Há também representantes de uma nova leva de autores-pesquisadores que têm trazido vigor ao panorama de estudos sobre o universo simbólico da cidade. De acordo com o jornalista e escritor Alvaro Costa e Silva, na orelha do livro: “O que surge nestas páginas – em ensaios de fácil leitura mas que nem por isso abdicam da profundidade – é uma cidade em mutação e que se vale das artes para fazer uma espécie de autoanálise. A qual pode assumir formas duras ou delicadas, sofisticadas ou brutais. Só não foge do enfrentamento de si mesma, seja na literatura, na música ou no cinema, e até nas novelas de televisão”.

“Rio Circular” está dividido em quatro partes. “Irrelevâncias, subversões, fuzuês” reúne ensaios que têm como matéria-prima a experiência da vida ordinária em textos que analisam representações do cotidiano. A segunda parte, “Solvitur ambulando”, agrupa análises sobre autores e obras para os quais perambular é um elemento-chave à produção literária. Já na terceira parte, “Tensões entre o moderno e o pós-moderno”, artigos problematizam essas tensões no espaço urbano. Por fim, a quarta e a última parte do livro têm o título retirado de uma célebre charge de Ziraldo: “Só dói quando eu Rio”, encarnando a perversa dualidade da metrópole carioca, relatando a violência e a exclusão, mas, ao mesmo tempo, a força das recentes vozes vindas da periferia.

“Eu e a Rosana Lobo fizemos pós-doutorado na mesma época e éramos supervisionadas pelo mesmo professor, o Renato Cordeiro Gomes. Nesse período, demos um curso com ele na PUC, Comunicação e Literatura, no qual várias discussões sobre a cidade surgiram. Decidimos, então, organizar essa coletânea e se juntou a nós a jornalista Juliana Krapp. Em seguida, selecionamos, para colaborar, pesquisadores que têm se dedicado ao Rio de Janeiro. Alguns textos abordam a cidade colonial, outros, a cidade moderna e a contemporânea. Podemos, inclusive, ver aproximações entre elas, mas também distanciamentos. Não pretendemos lançar um olhar romantizado para o Rio de Janeiro, embora todos os autores amem a cidade. Mas nosso olhar é um olhar crítico, que denuncia a violência e a desigualdade, bem como suas implicações. Desigualdade sempre existiu em uma cidade que se ergueu a partir da segregação, desde as reformas de Pereira Passos, no início do século XX, até a construção do Porto Maravilha, quando os mais pobres não são contemplados nessas transformações urbanas”, ressalta a professora e uma das organizadoras do livro, Aline da Silva Novaes.
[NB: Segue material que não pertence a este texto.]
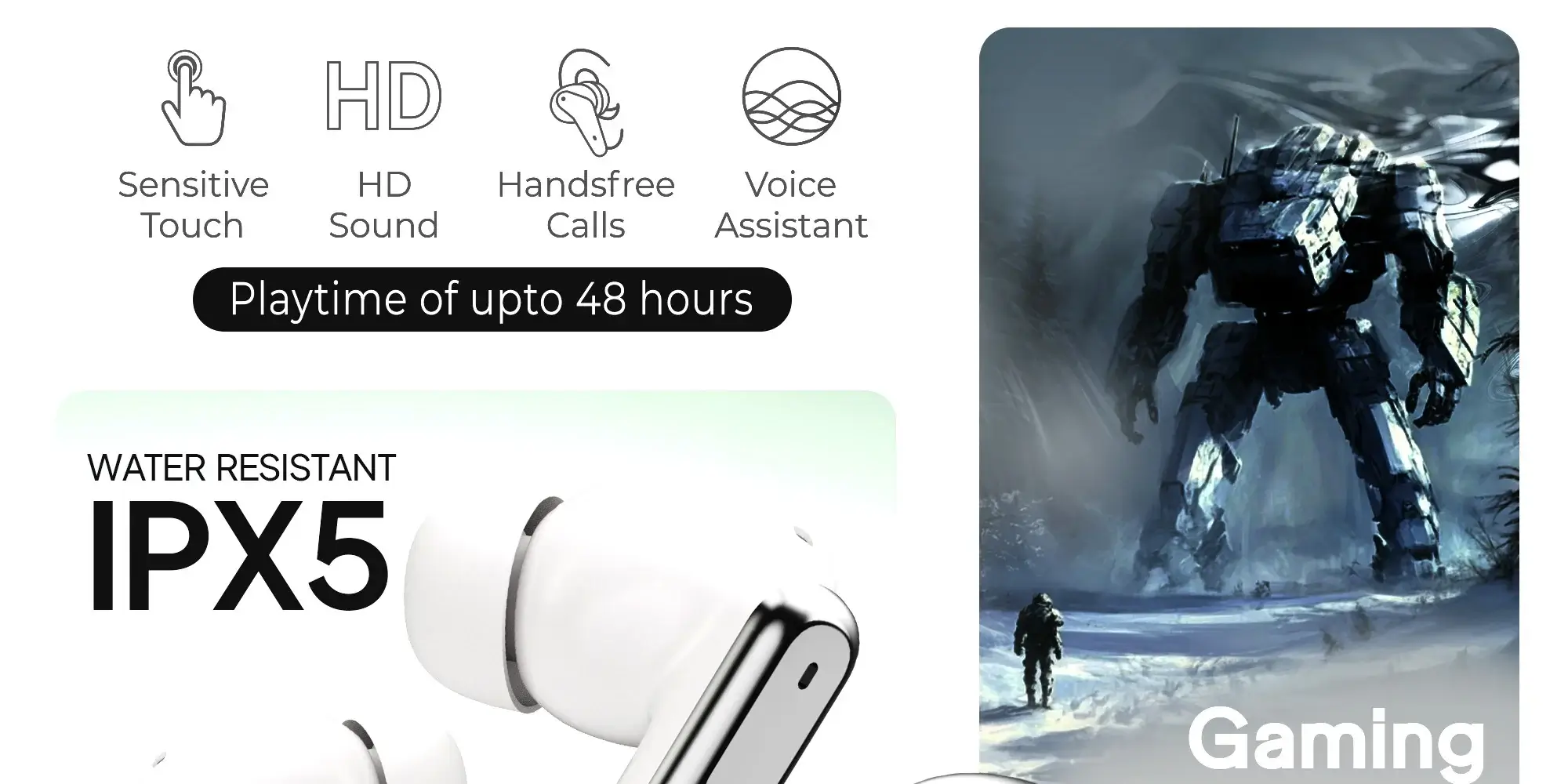 - Sensitive Control & Total 20H (5 hours of playtime per charge and another 3 recharges by the delicate charging case)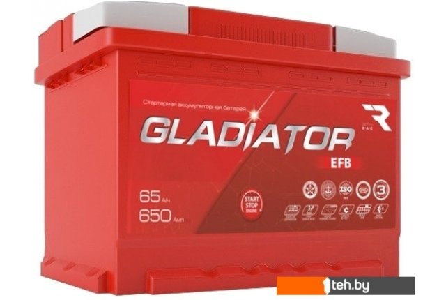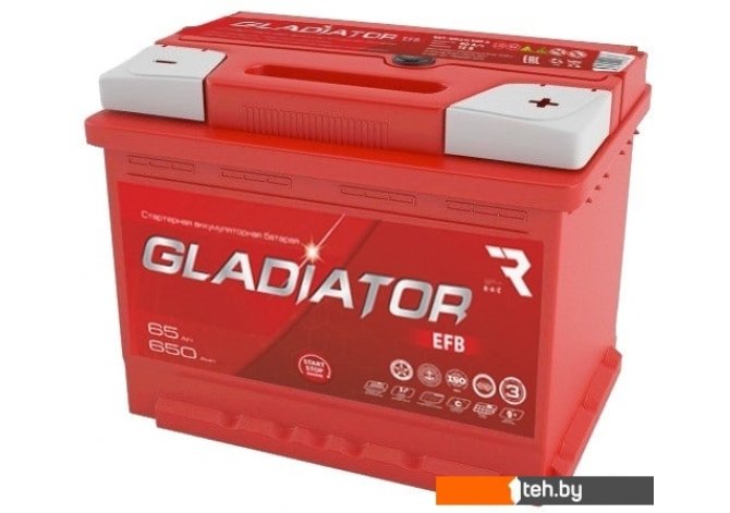 Фотографии, описание и технические характеристики модели Автомобильного аккумулятора Gladiator EFB 65 R+ (65 А·ч) взяты из открытых источников, официального сайта производителя или представительства Gladiator в Республике Беларусь.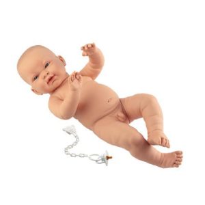 Boneco com 45 cm. Corpo em vinil. Braços e pernas articulados. Anatomicamente correto. Chupeta incluída. Feito à mão em Espanha.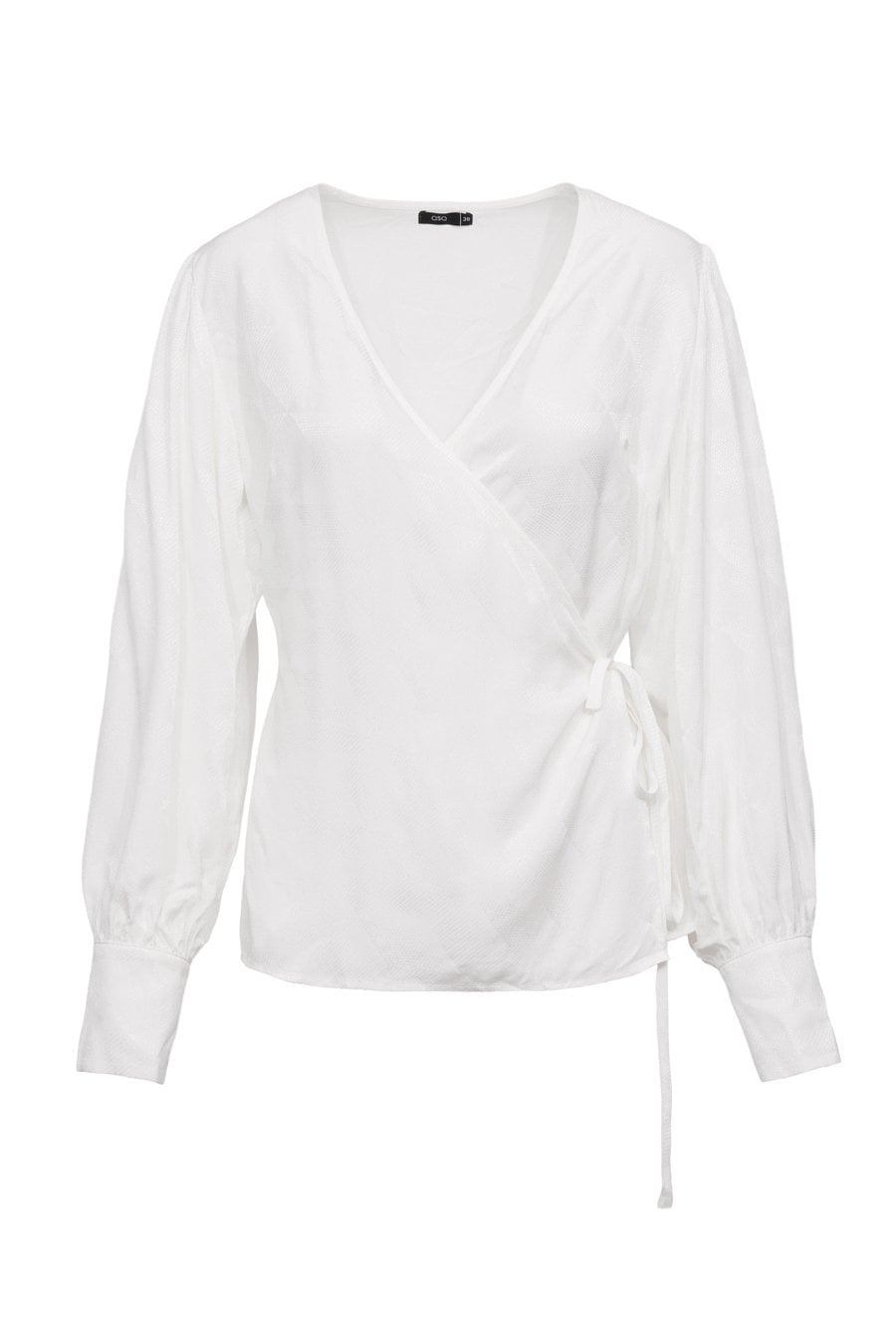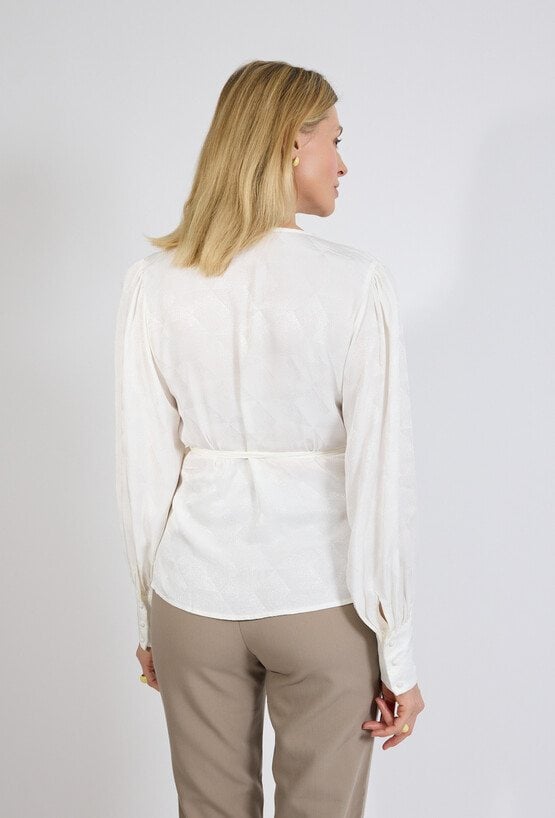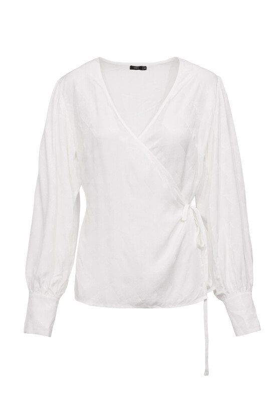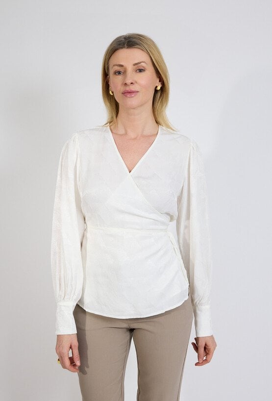 Biała bluzka kopertowa damska elegancka z długim rękawem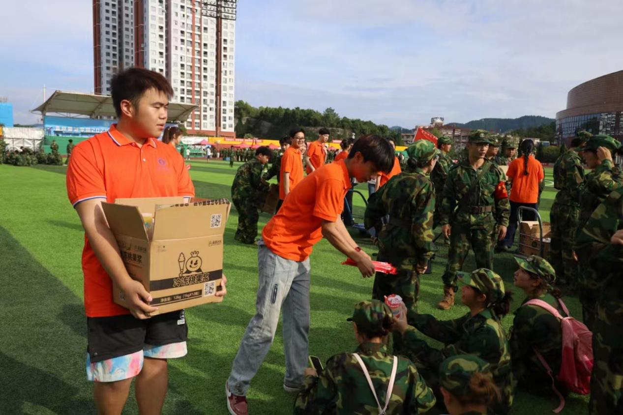 9月17日,正值中秋佳节,77779193永利官网集团副院长荆彦超、辅导员李金容及学生会志愿者一行来到了操场慰问参加军训的2024级新生。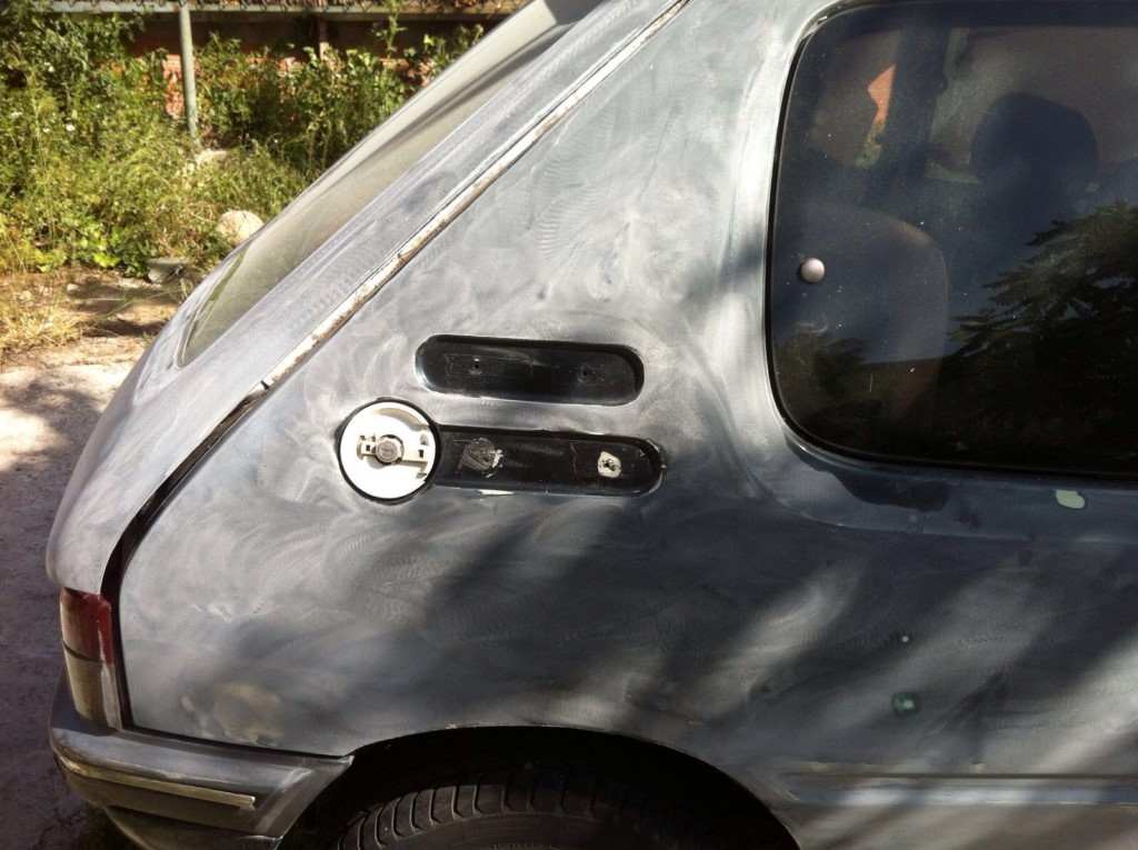 Una vez que tenia el interior medio decente, le tocaba al exterior que no estaba muy fino....la verdad es que yo tampoco lo he dejado fino fino... pero es lo que hay, ni soy rico, ni soy chapista... jejejeje asi que me tocó hacerlo como pude y conformarme con el resultado...

Lançado em setembro pela editora Autografia, e disponível nas principais livrarias, a obra também é um convite ao leitor para pegar o ônibus “Rio Circular” e percorrer o Rio de Janeiro, afirma Aline, explicando que o título do livro se refere justamente à ideia do ônibus que ilustra a capa. “Em ‘A alma encantadora das ruas’, publicado em 1908, João do Rio escreve: ‘Eu amo a rua. Esse sentimento de natureza toda íntima não vos seria revelado por mim se não julgasse, e razões não tivesse para julgar, que este amor assim absoluto e assim exagerado é partilhado por todos vós. Nós somos irmãos, nós nos sentimos parecidos e iguais; nas cidades, nas aldeias, nos povoados, não porque soframos, com a dor e os desprazeres, a lei e a polícia, mas porque nos une, nivela e agremia o amor da rua. É este mesmo o sentimento imperturbável e indissolúvel, o único que, como a própria vida, resiste às idades e às épocas. Acho que todos nós partilhamos desse amor do qual nos fala João do Rio”, destaca e conclui Aline.